• **Materials provided**
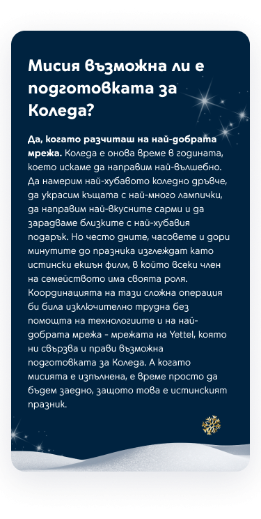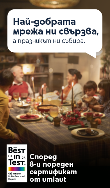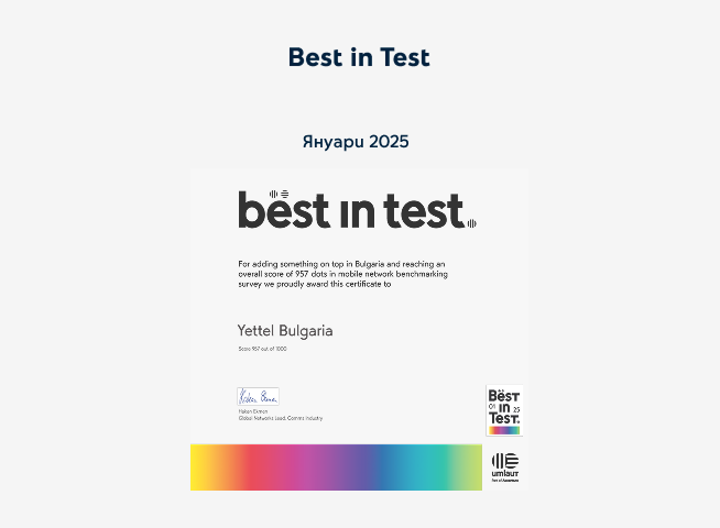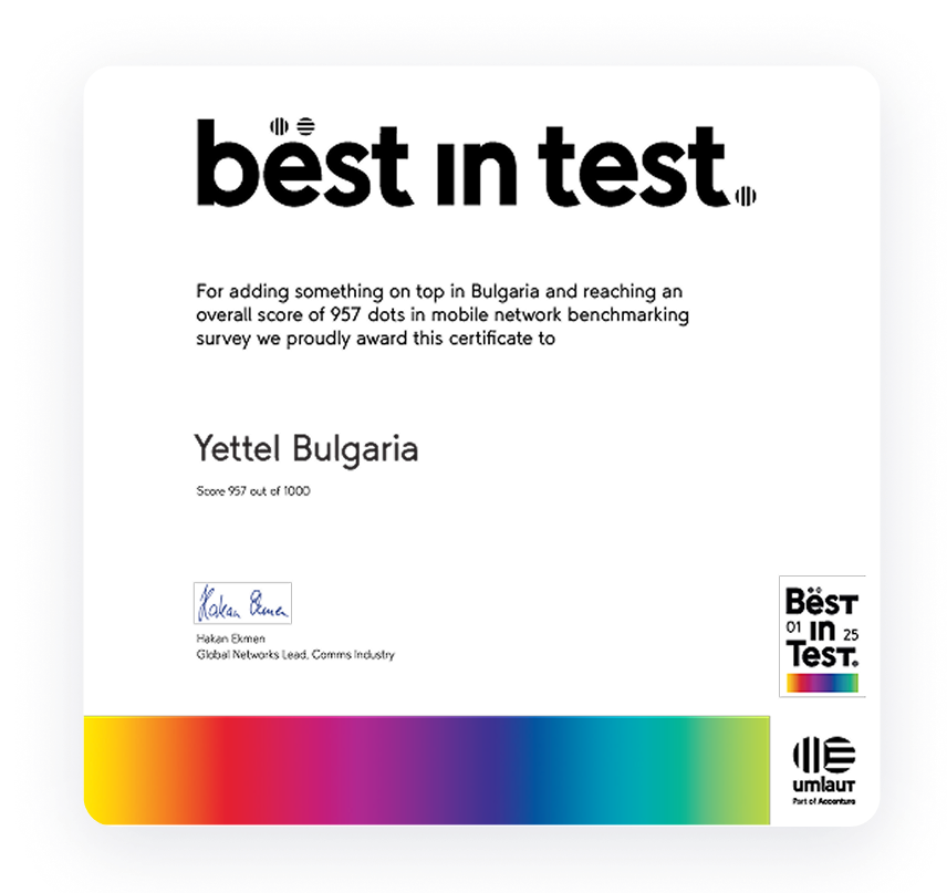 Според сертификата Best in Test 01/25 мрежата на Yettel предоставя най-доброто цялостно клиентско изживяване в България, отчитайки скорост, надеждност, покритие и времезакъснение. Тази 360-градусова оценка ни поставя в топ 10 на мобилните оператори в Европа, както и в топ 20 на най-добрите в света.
* * *
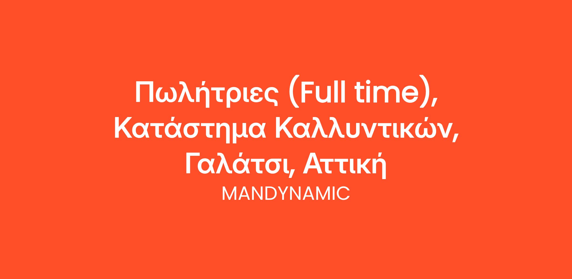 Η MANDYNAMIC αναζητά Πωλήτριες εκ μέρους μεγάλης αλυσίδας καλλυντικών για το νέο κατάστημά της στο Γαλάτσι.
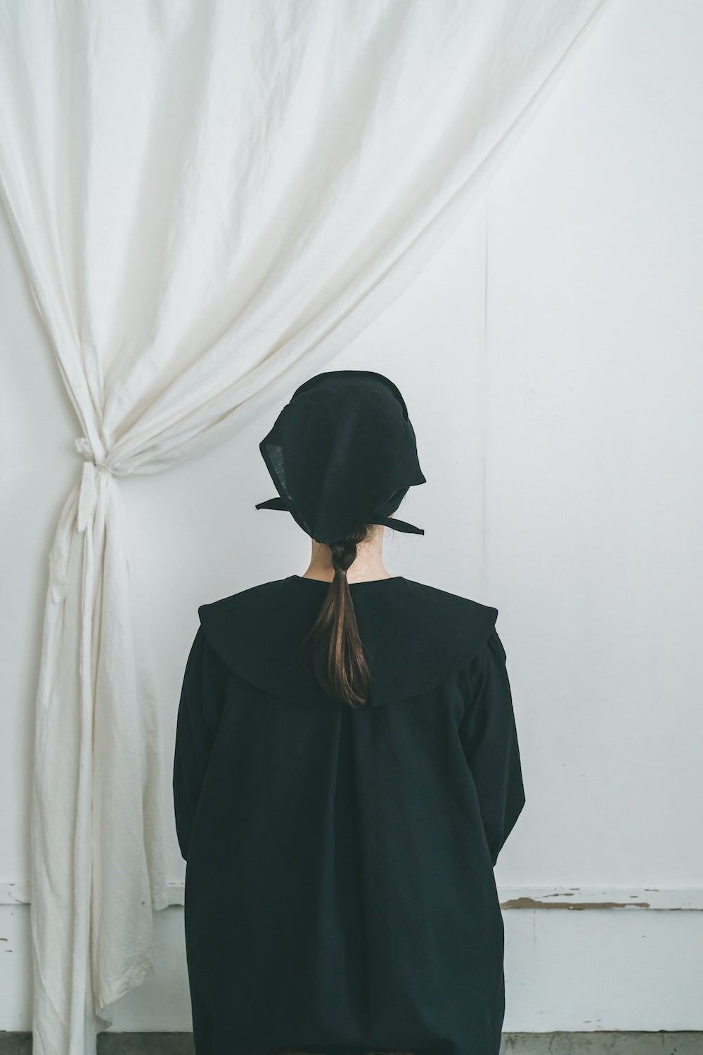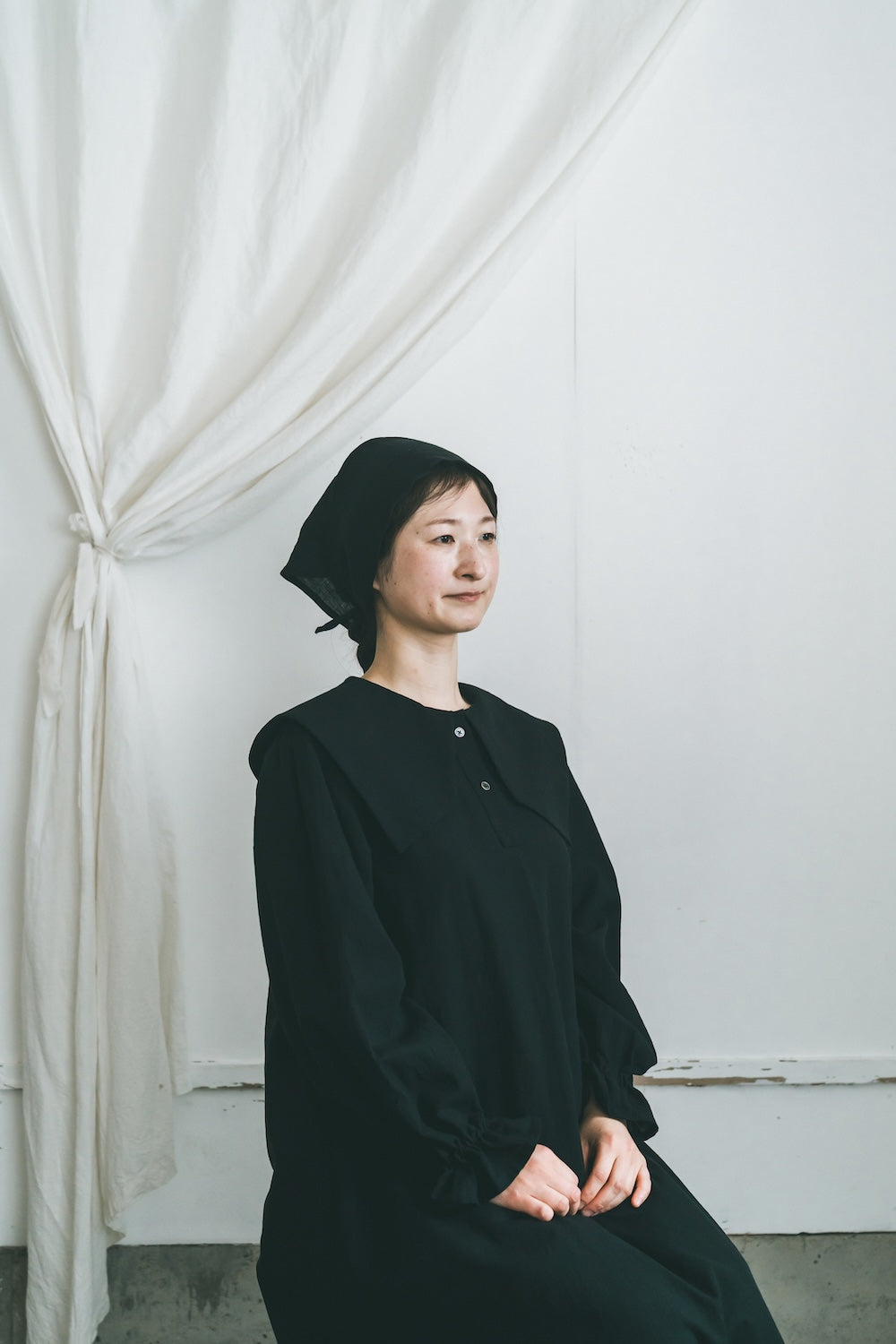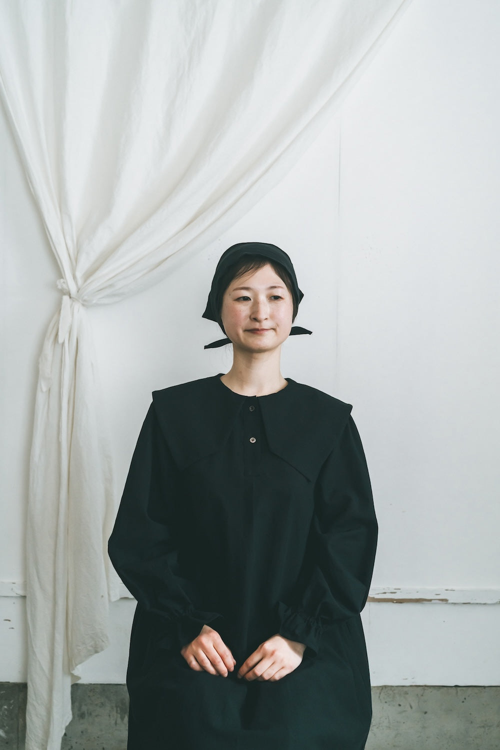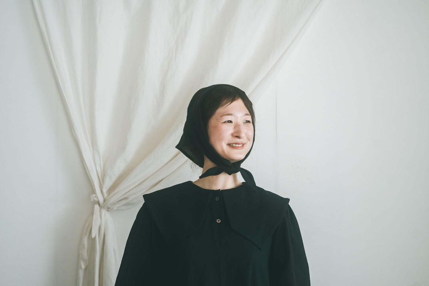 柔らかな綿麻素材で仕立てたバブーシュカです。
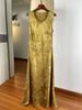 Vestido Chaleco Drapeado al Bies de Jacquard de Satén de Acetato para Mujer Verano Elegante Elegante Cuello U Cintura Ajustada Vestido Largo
...
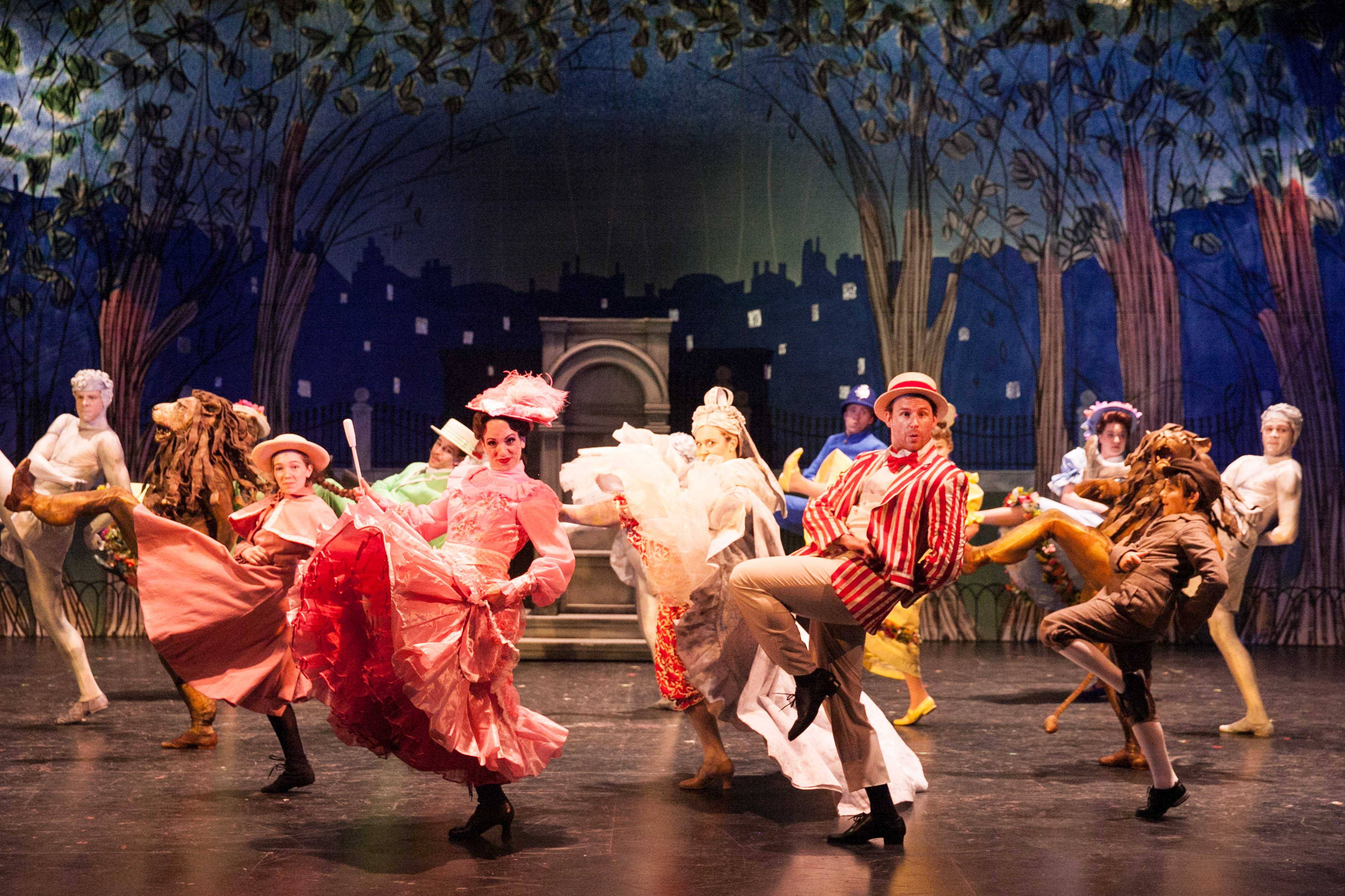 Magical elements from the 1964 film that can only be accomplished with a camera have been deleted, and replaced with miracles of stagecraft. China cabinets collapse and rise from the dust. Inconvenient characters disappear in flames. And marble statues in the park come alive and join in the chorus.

• **What you should do**
From the data above, retype only the lines starting with the line with "Η MANDYNAMIC αναζητά" and going on through the line with "Vestido Chaleco Drapeado", exactly, leaving out the pictures.

• **Exercise response**
 Η MANDYNAMIC αναζητά Πωλήτριες εκ μέρους μεγάλης αλυσίδας καλλυντικών για το νέο κατάστημά της στο Γαλάτσι.
 柔らかな綿麻素材で仕立てたバブーシュカです。
 Vestido Chaleco Drapeado al Bies de Jacquard de Satén de Acetato para Mujer Verano Elegante Elegante Cuello U Cintura Ajustada Vestido Largo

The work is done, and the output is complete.